Background: Septic shock is characterized by systemic vasodilation and an impaired reactivity to vasoconstrictor agents. It has been suggested that an excessive release of nitric oxide has a role in this hemodynamic derangement.
Objective: To investigate whether inhibition of nitric oxide synthesis by the administration of N omega-nitro-L-arginine (LNNA), improves the vasoconstrictor effects of catecholamines in sepsis.
Material and methods: Mechanically ventilated and pentobarbital-anesthetized sheep received either no treatment (n = 6) or LNNA (100 mg/kg IV bolus, n = 4). Other sheep (septic group) received live Escherichia coli (E coli) (1,5* 10(9) micro-organisms/kg over 30 min) followed 1 hour later by either no treatment (n = 5) or LNNA (100 mg/kg IV bolus, n = 7). After those interventions, all sheep were given noradrenaline in a continuous IV infusion at three different doses (0.5, 1.5, and 4.5 micrograms, kg-1, min-1). Cardiovascular parameters were recorded at maximal blood pressure response achieved with each dose.
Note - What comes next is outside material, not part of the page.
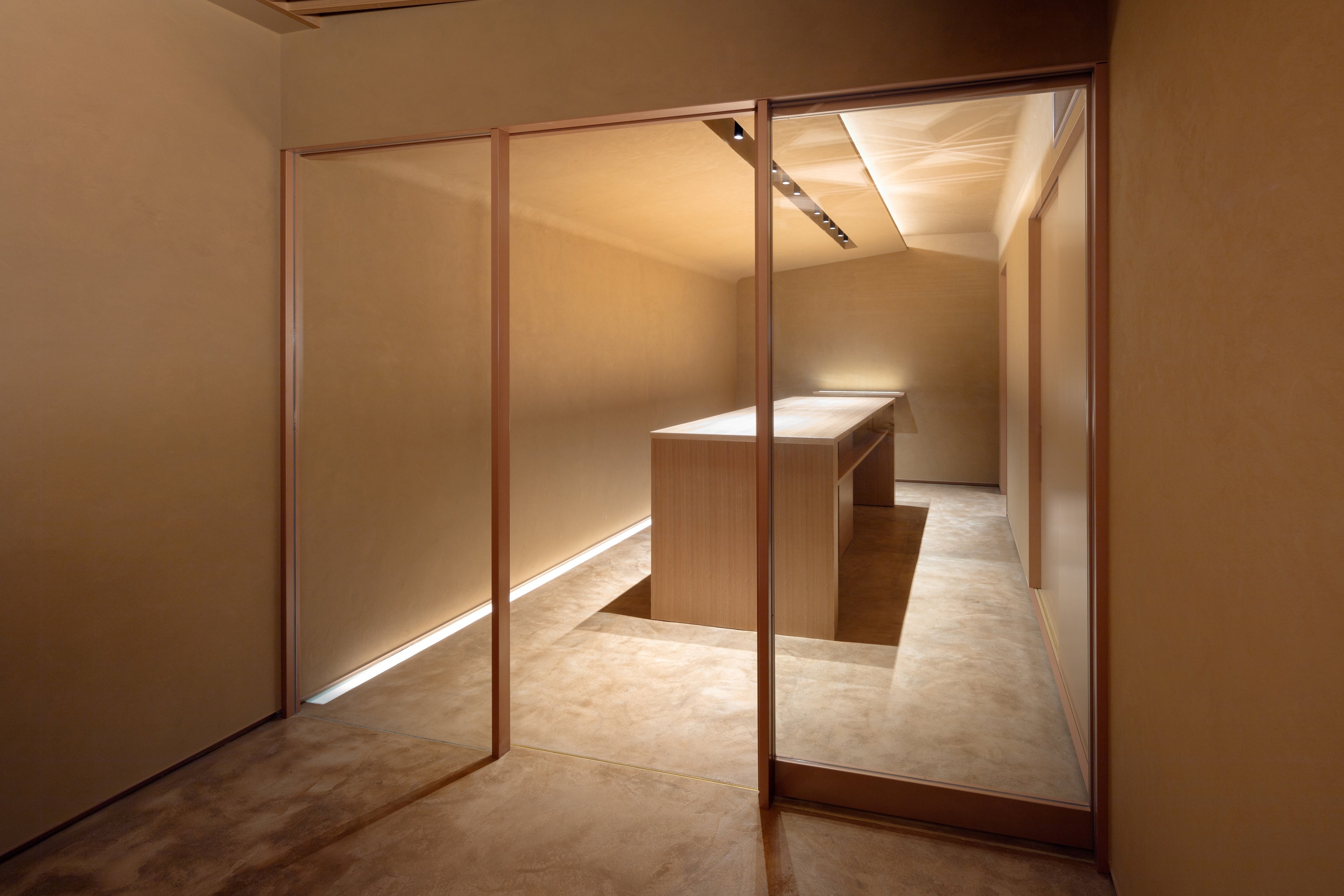・店舗奥に設置した「おたべ手作り体験」を実施する部屋は、現代の茶室に見立て、あえて天井を低く設計

Results: The administration of live E coli to the septic group resulted in systemic hypotension, high cardiac output, and hyperlactatemia. The LNNA caused a significant systemic and pulmonary vasoconstriction in both septic and nonseptic sheep. In nonseptic sheep, noradrenaline induced a significant increase in systemic vascular resistance (from 2,973 +/- 637 to 4,561 +/- 1,287 dyn/s/cm-5/m-2), whereas the increase caused in those that received LNNA was nonsignificant (5,562 +/- 3,489 to 6,693 +/- 2,871 dyn, s, cm-5, m-2). Septic sheep showed a nonsignificant vasoconstriction during the infusion of noradrenaline (from 1,438 +/- 1,132 to 2,244 +/- 1,391 dyn/s/cm-5/m-2). However, treatment with LNNA markedly improved the vasoconstrictor effect of noradrenaline (from 2,804 +/- 2,317 to 4,894 +/- 3,435 dyn/s/cm-5/m-2). The dose-response curve of systemic vascular resistance in these LNNA-pretreated septic sheep became very similar to the corresponding curve obtained in nonseptic animals.
Conclusions: Inhibition of nitric oxide synthesis by the administration of LNNA significantly improves the vasoconstrictor effect of noradrenaline in septic sheep, allowing an increase in systemic vasomotor tone similar to that observed in nonseptic sheep. It is concluded that increased synthesis of nitric oxide contributes to the depressed vascular reactivity to vasoconstrictor agents characteristic of sepsis.